Aspects of the present disclosure relate to machine learning.
A wide variety of machine learning model architectures have been trained to perform an assortment of diverse tasks, including computer vision tasks, language tasks, classification and regression tasks, and the like. Recently, research has yielded substantial success in using large language models (LLMs) and/or large vison models (LVMs) to process and generate output data. Often, machine learning models (especially LLMs and LVMs) have many parameters (e.g., millions or even billions), resulting in significant model size, as well as substantial computational expense in training the model. Further, once trained, such models are often difficult (or impossible) to fine-tune, as the vast number of parameters makes overfitting a major challenge (e.g., potentially relying on tremendous amounts of fine-tuning data to prevent overfitting). One recent approach to enable fine-tuning or personalization of such generative models involves training relatively smaller model adapters for larger models.
Further, some efforts to enable more use of machine learning models with reduced computational expense involve model quantization. Several approaches to quantization have been proposed, but each has shortcomings. For example, post-training quantization can effectively reduce model size, but often results in substantially reduced model accuracy. Quantization-aware training can help preserve model accuracy, but introduces substantial additional cost during training.
Certain aspects of the present disclosure provide a processor-implemented method, comprising: accessing a first plurality of weights for a base model; accessing a second plurality of weights for an adapter model associated with the base model; generating a quantized plurality of weights based on the first plurality of weights, a first quantization scale for the first plurality of weights, and the second plurality of weights; generating a loss based on processing training data using the quantized plurality of weights; generating an updated second plurality of weights based on updating the second plurality of weights based on the loss; and deploying a machine learning model comprising quantized versions of the first plurality of weights and the updated second plurality of weights.
Other aspects provide processing systems configured to perform the aforementioned methods as well as those described herein; non-transitory, computer-readable media comprising instructions that, when executed by one or more processors of a processing system, cause the processing system to perform the aforementioned methods as well as those described herein; a computer program product embodied on a computer-readable storage medium comprising code for performing the aforementioned methods as well as those further described herein; and a processing system comprising means for performing the aforementioned methods as well as those further described herein.
The following description and the related drawings set forth in detail certain illustrative features of one or more aspects.
To facilitate understanding, identical reference numerals have been used, where possible, to designate identical elements that are common to the drawings. It is contemplated that elements and features of one aspect may be beneficially incorporated in other aspects without further recitation.
Aspects of the present disclosure provide apparatuses, methods, processing systems, and non-transitory computer-readable mediums for providing improved machine learning.
In some aspects of the present disclosure, a hybrid combination of post-training quantization (PTQ) and quantization-aware training (QAT) can be utilized to enable significantly more efficient training with a relatively small amount of overhead while further retaining substantial benefits of quantization without additional overhead during inference.
Generally, PTQ is relatively fast and efficient to apply, but often leads to unsatisfactory model accuracy and/or perplexity, especially when using lower weight bitwidths (e.g., four bits per weight).

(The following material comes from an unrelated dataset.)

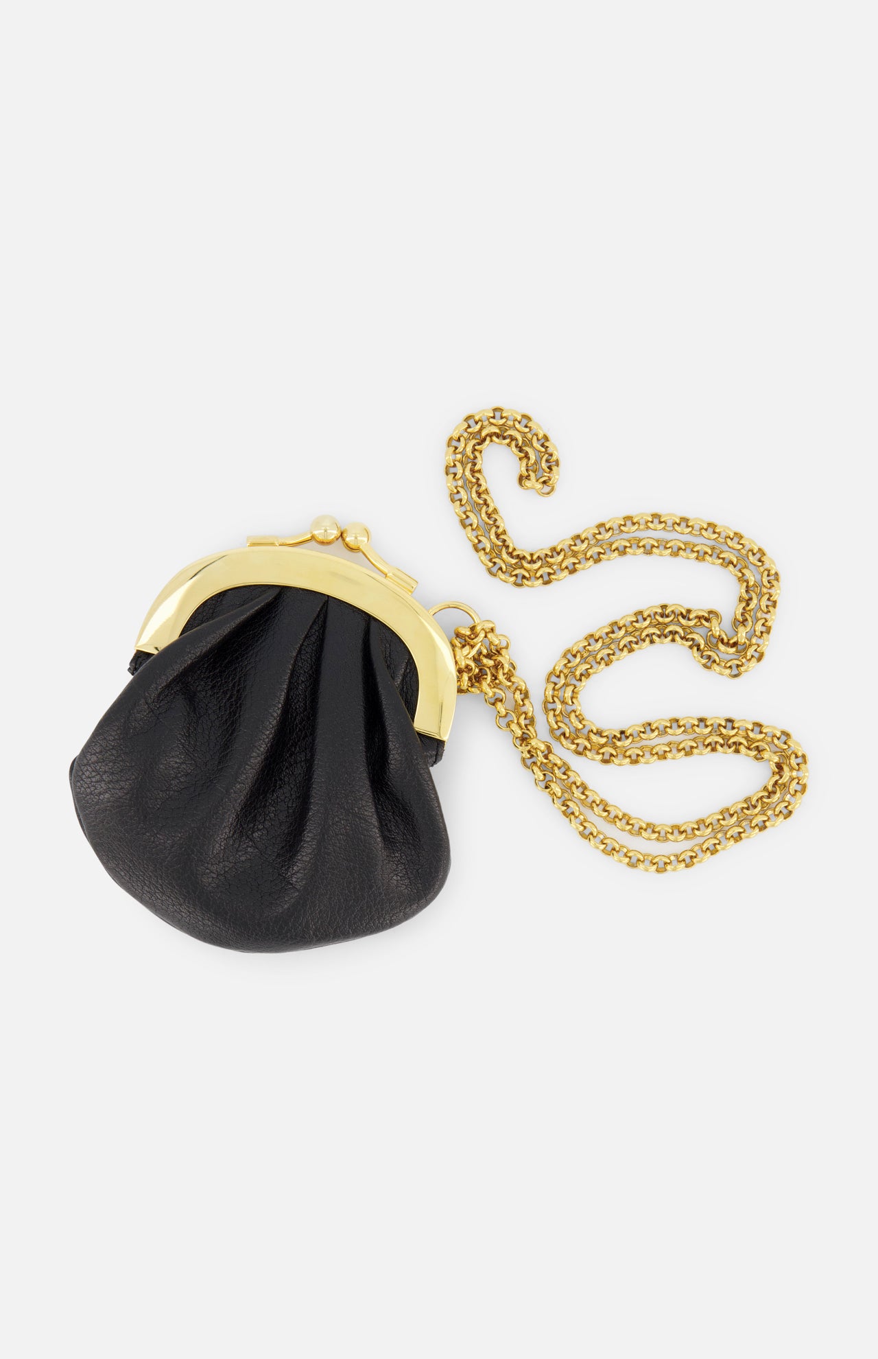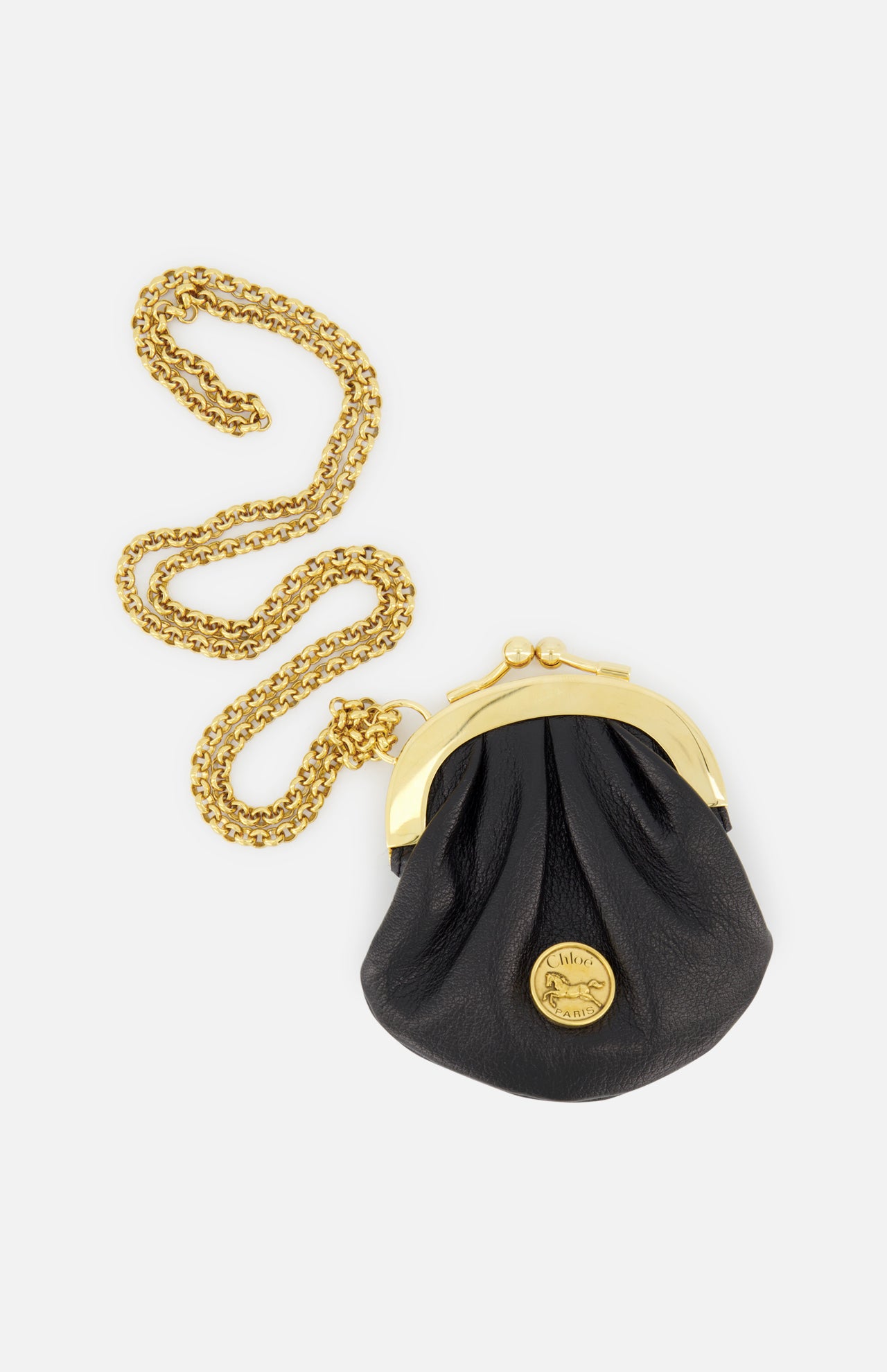 Mini purses move over. This micro coin purse is crafted in black grained buffalo leather with a gold-tone clasp and a removable necklace chain strap. The front is embellished with the Maison's iconic medal featuring an embossed image of a galloping horse and a Chloé Paris logo engraving. Carry it by hand or wear it on your shoulder. This one is for the girls that love their accessories on a small scale.

QAT often yields significantly better model accuracy, but there are several challenges that make it impractical to use QAT for large models (e.g., LLMs and LVMs). For example, some conventional QAT approaches can introduce substantial memory overhead due to the reliance on stored shadow weights (and the gradients for the shadows weights) as well as the optimizer state for the shadow weights in thirty-two bit floating-point representation. As a result, some conventional QAT approaches cannot be used on many common devices (e.g., desktop computers with a single graphics processing unit (GPU)). Further, some conventional approaches to QAT carry a risk of model overfitting, potentially relying on manual tuning of the regularization hyperparameters. QAT also introduces compute overhead for simulated quantization, resulting in extra compute resources consumed during both the forward and the backward passes.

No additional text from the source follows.